C4: Computational gene sets (-23)

  • CM: cancer modules (-23 gene sets).

    Gene sets are identical to the modules described in Segal et al., 2004. The sets represent clusters of transcriptionally co-regulated genes that both share a common functional annotation and have been found significantly deregulated in tumors. Starting with a list of 2,849 gene sets from a variety of resources such as Gene Ontology, KEGG and others, the authors extracted 456 statistically significant regulatory modules from a large compendium of published microarray data spanning 22 tumor types.

    Original members of these sets were reverted to human Entrez Gene IDs as they appeared in original source files prior to v2.5 and the corresponding human gene symbols were derived thereafter. Twenty three sets were deprecated because they contained fewer than 10 human Entrez Gene IDs. Names of all sets were changed to upper case font to match the naming convention throughout MSigDB. Renamed and deprecated sets are listed here.

    For further details, refer to MSigDB Collections.


For more information

For complete descriptions of all collections or to download the updated gene sets, go to the Browse Collections page.

Other changes

Gene symbol updates

Gene sets consist of a large variety of gene identifiers, called original members here. To use gene sets by GSEA and other querying tools, original members have to be converted to a common universal kind of gene identifiers. Previous releases of MSigDB used human gene symbols for this purpose. Researchers prefer working with gene symbols because they can easily recognize, remember and put them in the context of their work. Unfortunately, a gene usually has multiple different symbols. Conversely, the same symbol can often refer to a number of different genes. Finally, gene symbols change frequently. To overcome these issues, we chose Entrez Gene IDs as robust universal identifiers (called ezid members here. Entrez Gene IDs uniquely identify human genes and never change. For convenience, we continue displaying gene sets as made from human gene symbols. However, the symbols are now unambiguously derived from the corresponding human Entrez Gene IDs. For non-human original members, we first convert them to the organism-specific Entrez Gene IDs and then seek their orthologous counterparts as human Entrez Gene IDs. For this, we rely on a collection of Bioconductor Annotation packages and internal lookup tables.

We have updated gene symbols for all sets and families according to gene_info.gz and gene_history.gz files downloaded from Entrez Gene FTP site on November, 15, 2011.

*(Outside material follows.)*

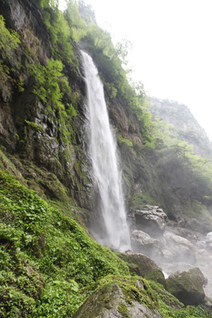 顺着溪流步行约半个多小时后,伴随着虎啸龙吟般的轰鸣声,记者远远看到,一条白布似的激流从陡峭的山崖上飞流直下,给人一种大气磅礴的感觉。惊人的水势带起了强劲的山风,整个山谷中溅起了一片水雾。瀑布下方的怪石被激流冲涮得异常光滑。目测瀑布落差约60米,宽度约5米,比野人谷龙须沟瀑布和青峰镇龙王沟瀑布更为壮观。

Size and similarity restrictions

    After mapping to human Entrez Gene IDs, the following filters were applied to exclude sets with
      fewer than 5 genes (C2:CGP only)
      fewer than 10 (all other collections)
      more than 2,000 genes
      90% or higher similarity (overlap) to other set(s) within a collection

Gene family changes

Fixed a discrepancy between a family of transcription factors and homeodomain proteins.

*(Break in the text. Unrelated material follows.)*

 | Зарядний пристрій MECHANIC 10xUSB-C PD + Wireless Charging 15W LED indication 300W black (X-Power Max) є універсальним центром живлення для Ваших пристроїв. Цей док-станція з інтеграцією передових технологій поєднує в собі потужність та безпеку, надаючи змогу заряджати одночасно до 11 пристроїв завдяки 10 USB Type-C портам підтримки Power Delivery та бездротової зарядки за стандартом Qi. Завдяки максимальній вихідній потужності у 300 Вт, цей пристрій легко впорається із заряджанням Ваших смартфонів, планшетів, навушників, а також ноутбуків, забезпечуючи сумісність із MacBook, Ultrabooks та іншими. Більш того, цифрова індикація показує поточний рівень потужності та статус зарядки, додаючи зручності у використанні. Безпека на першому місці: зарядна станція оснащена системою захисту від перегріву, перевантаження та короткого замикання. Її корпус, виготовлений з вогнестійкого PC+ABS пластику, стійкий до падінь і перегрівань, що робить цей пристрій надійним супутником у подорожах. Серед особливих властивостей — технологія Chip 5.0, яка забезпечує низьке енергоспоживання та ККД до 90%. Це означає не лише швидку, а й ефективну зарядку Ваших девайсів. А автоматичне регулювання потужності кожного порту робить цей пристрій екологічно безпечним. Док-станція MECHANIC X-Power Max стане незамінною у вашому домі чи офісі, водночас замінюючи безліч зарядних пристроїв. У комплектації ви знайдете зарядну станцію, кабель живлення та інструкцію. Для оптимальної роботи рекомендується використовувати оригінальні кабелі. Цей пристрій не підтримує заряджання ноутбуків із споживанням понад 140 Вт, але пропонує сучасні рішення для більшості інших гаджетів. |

All homeodomain proteins are transcription factors. However, due to differences in sources and compilation procedures, some homeodomain proteins are not present among transcription factors. For this release, the transcription factors family now includes all genes annotated as homeodomain proteins.



Viewing previous database versions (v3.0 and v2.5)

The MSigDB v3.0 and v2.5 files are archived and are available at Downloads page. Users can view them through the MSigDB Browser tool in GSEA java desktop application. Please consult GSEA 2.0.8 Release Notes for details.